THE Internet is a lot more than just a means of staying informed. It has evolved into something much more than what it was originally intended to be.
For some, it is an avenue to avoid the long queues at banks and service counters. For others, it is a place where you can work collaboratively.
But for most, the Web is a communication tool that connects them with family and friends via the many social networking tools.
Most Internet security experts conclude that cyberattacks on social networking sites will increase over the years. Since 2008, Facebook, Twitter, MySpace, LinkedIn, and other such sites have been in the limelight as social networking grew and grew.
These services compete with each other to increase their user base by coming up with mobile tie-ups, applications and games.
All these efforts are worthwhile because social networking sites are the biggest thing on the Internet at the moment, and perhaps for many more years to come. Unfortunately, this trend has also been attracting all sorts of security threats.
New year, new threats
In its 2010 Threat Predictions report, McAfee Labs said it anticipates an increase in threats related to social networking sites such as Facebook.
It also said that criminal tool kits will be evolving rapidly this year to capitalise on new technologies that increase the sophistication of the attack on unsuspecting users.
And, as a result, there is a good chance of an increase in rogue services that exploit Internet users' eagerness to download and install the various and freely available Web 2.0 applications.
According to a Sophos survey in December 2009, 60% of the respondents believed that Facebook presents the biggest security risk compared to other social networking sites - way ahead of MySpace, Twitter and LinkedIn.
Cisco Systems' 2009 Annual Security Report mentioned that the Facebook user base has tripled from 100 million users in 2008 to 350 million in 2009.
There is no doubt that such a huge increase in the number of users within a year's time is phenomenal, and it is attracting cybercriminals from all over the world to migrate their attacks to Facebook
In order to stay safe while using social networking tools (or in fact, other Internet-based applications), users are urged to observe the following practices:
1. Never click on any URL links in unsolicited e-mail (i.e. e-mail that you are not expecting nor asked for);
2. Never log in your online credentials through pages opened up by the URL links you get from any e-mail. In order to be safe, type the URL yourself in the browser. If you have been using shared PCs, be sure not to click on the links provided by the browser bookmarks;
3. Never jot down your online login credentials in an e-mail, even if you think of it as a note to yourself. e-Mail is not the proper place to store your online login credentials. This is to minimise the risks should your e-mail system be compromised;
4. Always verify the validity of the services or links you get via e-mail, even if it appears to be sent by a social networking tool you subscribe to. Google it or better yet, e-mail the service administrators and ask them. Pay extra attention to the given URL as a slight difference would mean a different site altogether;
5. Change the passwords of your online credentials from time to time and do not use the same password for all of them. For a secure password, use a combination of uppercase and lowercase alphabets and numbers, and try to use words that do not exist in any dictionary; and
6. Do not arbitrarily download any updates for your applications. If you really need them, visit the official website and get more information.

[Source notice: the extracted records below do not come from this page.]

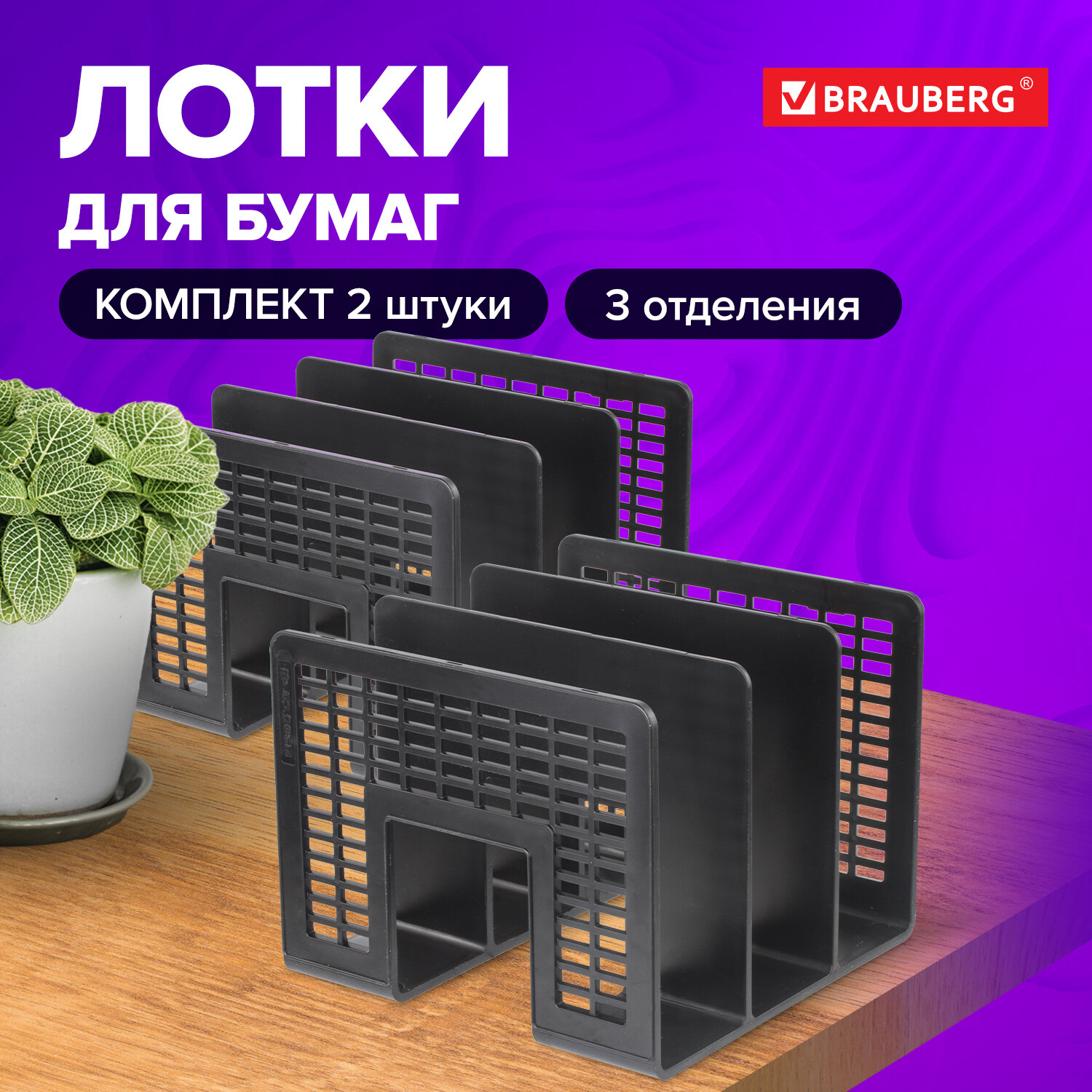 Лоток-сортер для бумаг КОМЛЕКТ 2 шт. BRAUBERG "Radikal", 3 отделения, черный, 880807
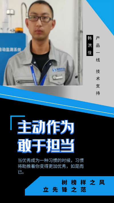 自5月份入職以來,主動學(xué)習(xí)、快速掌握產(chǎn)品相關(guān)知識、提高工作技能,能與同事配合良好?,F(xiàn)已具備獨(dú)立處理機(jī)動車尾氣遙感產(chǎn)品現(xiàn)場勘查、項目安裝調(diào)試、售后技術(shù)支持能力。
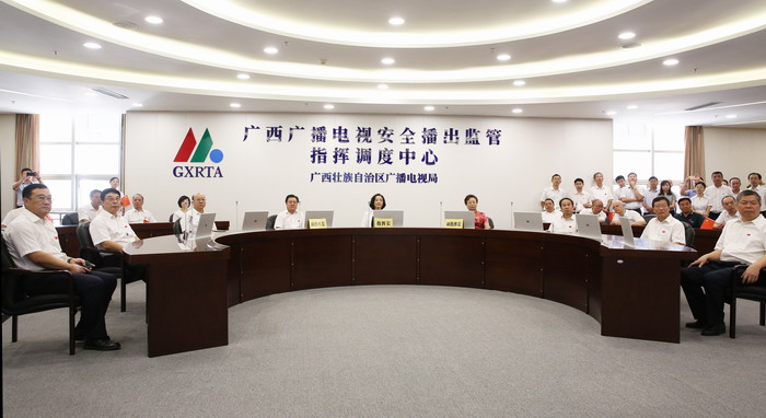 出席仪式的领导嘉宾共同巡视广西广播电视安全播出监管指挥调度中心。
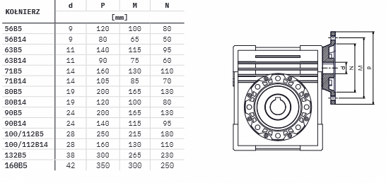 KOŁNIERZ POD SILNIK: 100 B5 ∅250mm

It is imperative that Internet users understand that the threats and security issues which come with social networking tools aren't necessarily caused by vulnerabilities in the software or the user's PC … at least, not all the time.
Software vulnerabilities are reported from time to time and they will always be the cornerstone of cybercriminal activities. But for them to work, they have to be initiated by the users themselves in one way or another.
(Syahrir Mat Ali is senior executive of the cybermedia research department at CyberSecurity Malaysia - the national cybersecurity specialist under the Ministry of Science, Technology and Innovation. These are his personal views expressed here.)